- EXERCISE PROMPT: Output every line below as it stands, dropping only the images.

- DATA SECTION:
_ _ _ _
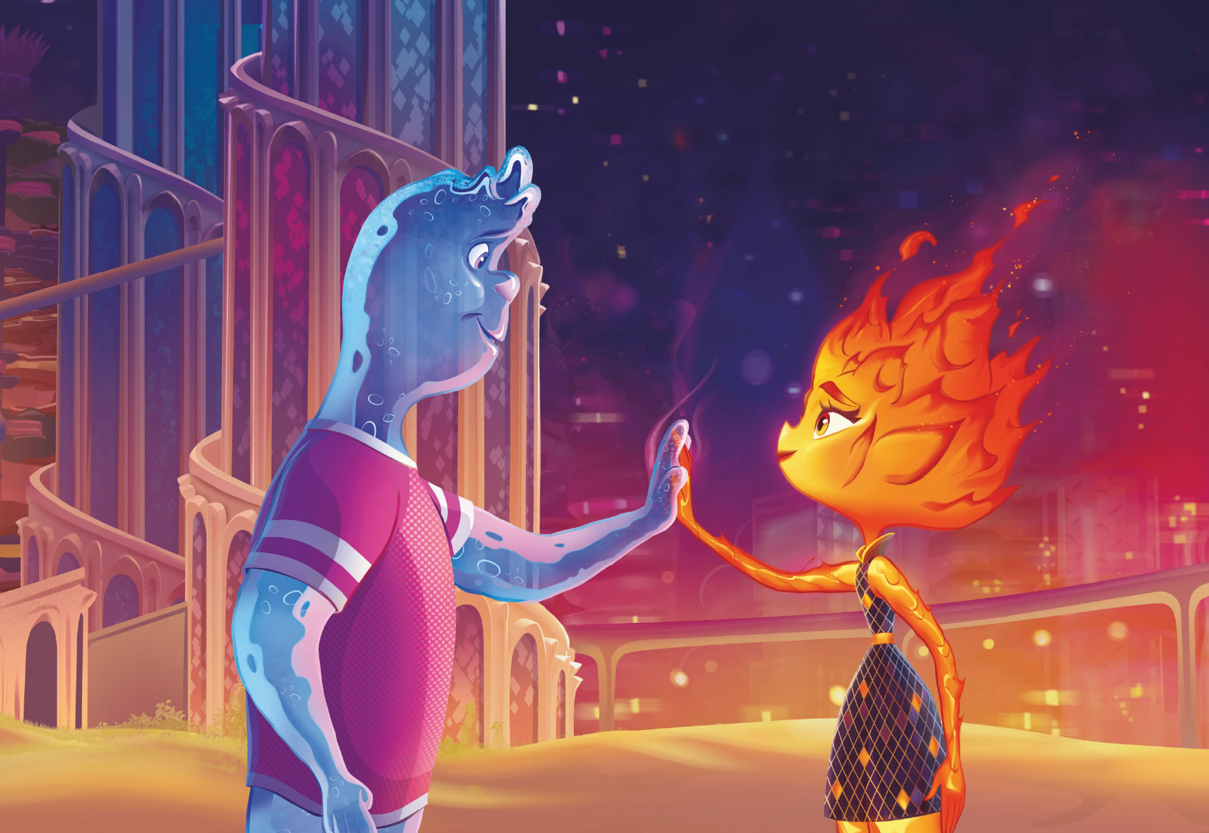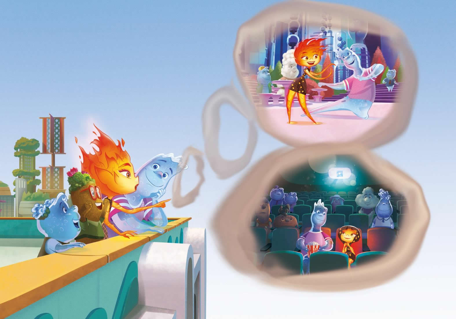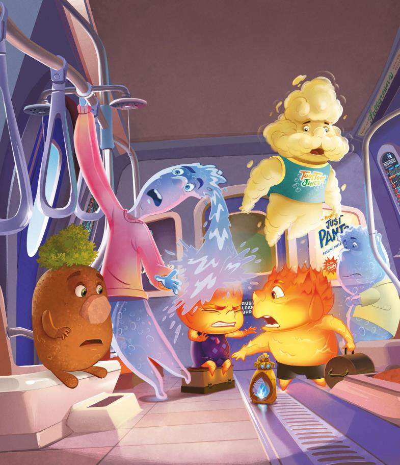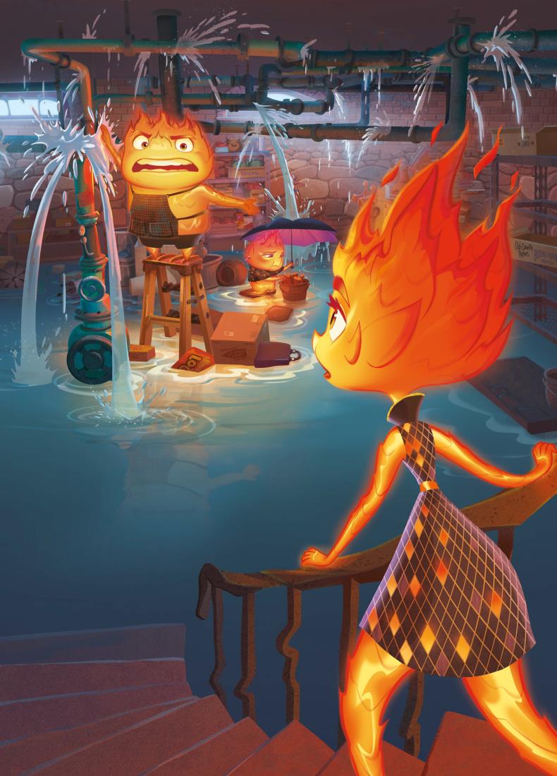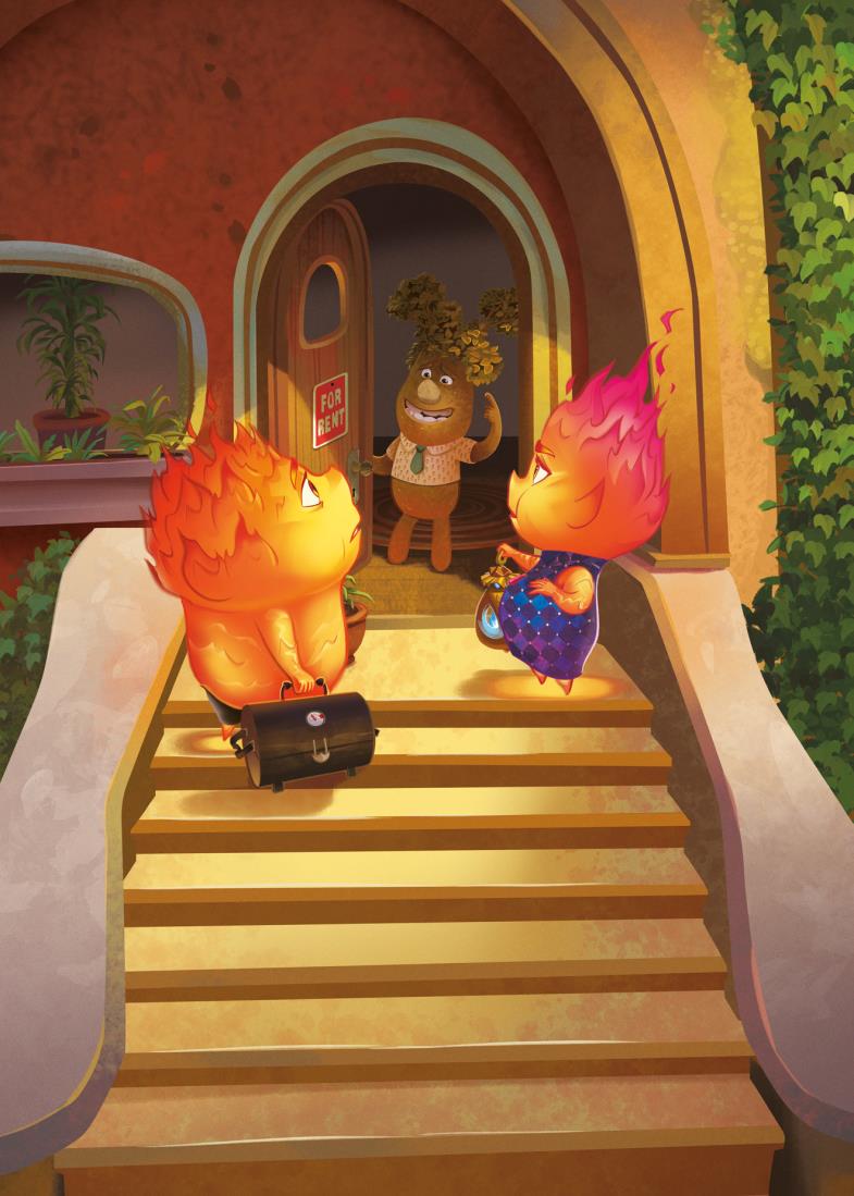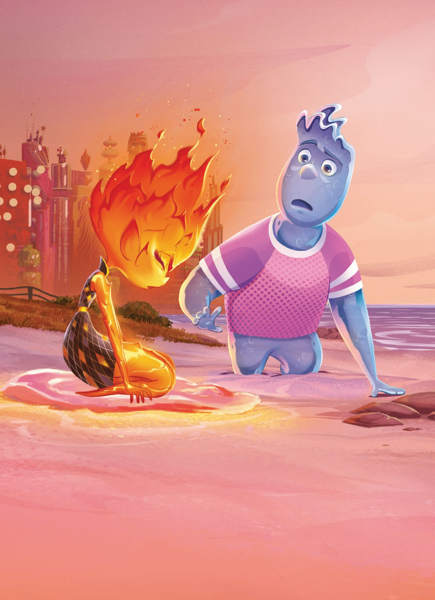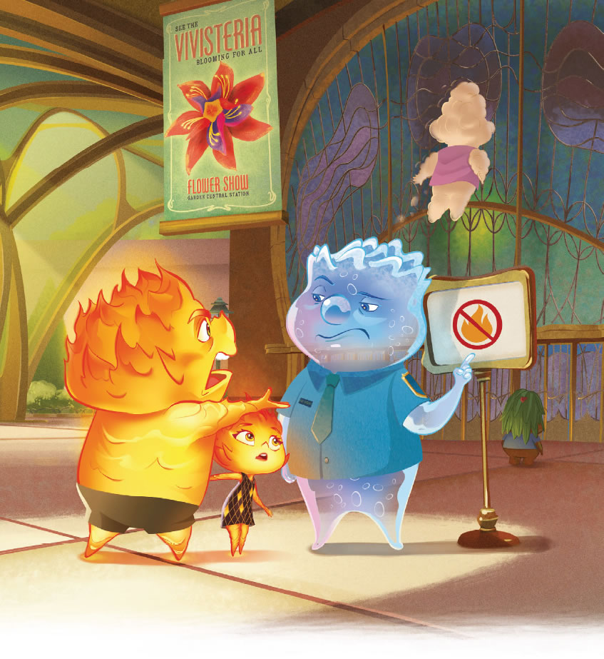 Para ella, todo en la ciudad era nuevo y un poco incómodo. Pero, a medida que iba pasando más tiempo con Nilo, empezó a relajarse y a divertirse. Sorprendió a otros elementos con sus habilidades únicas, se unió a un grupo de baile espontáneo y fue al cine. No sabía que Ciudad Elemento tuviera tanto que ofrecer.
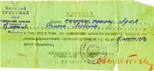 | Справка военного трибунала о снятии судимости «за проявленное мужество», выданная старшему сержанту Семёну Арии в 1943 году | |
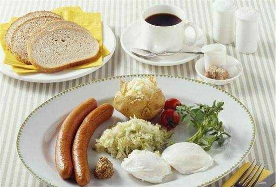 德國的早餐。德國除瞭啤酒之外,香腸也非常有名,是當地人最鐘愛的美食之一,在早餐中是必備之品。除瞭香腸和面包以外,其他的還有煮蛋、蔬菜沙拉、土豆泥、面包和咖啡,種類也不少。
_ _ _ _
- SOLUTION TO THIS EXERCISE:
 Para ella, todo en la ciudad era nuevo y un poco incómodo. Pero, a medida que iba pasando más tiempo con Nilo, empezó a relajarse y a divertirse. Sorprendió a otros elementos con sus habilidades únicas, se unió a un grupo de baile espontáneo y fue al cine. No sabía que Ciudad Elemento tuviera tanto que ofrecer.
 | Справка военного трибунала о снятии судимости «за проявленное мужество», выданная старшему сержанту Семёну Арии в 1943 году | |
 德國的早餐。德國除瞭啤酒之外,香腸也非常有名,是當地人最鐘愛的美食之一,在早餐中是必備之品。除瞭香腸和面包以外,其他的還有煮蛋、蔬菜沙拉、土豆泥、面包和咖啡,種類也不少。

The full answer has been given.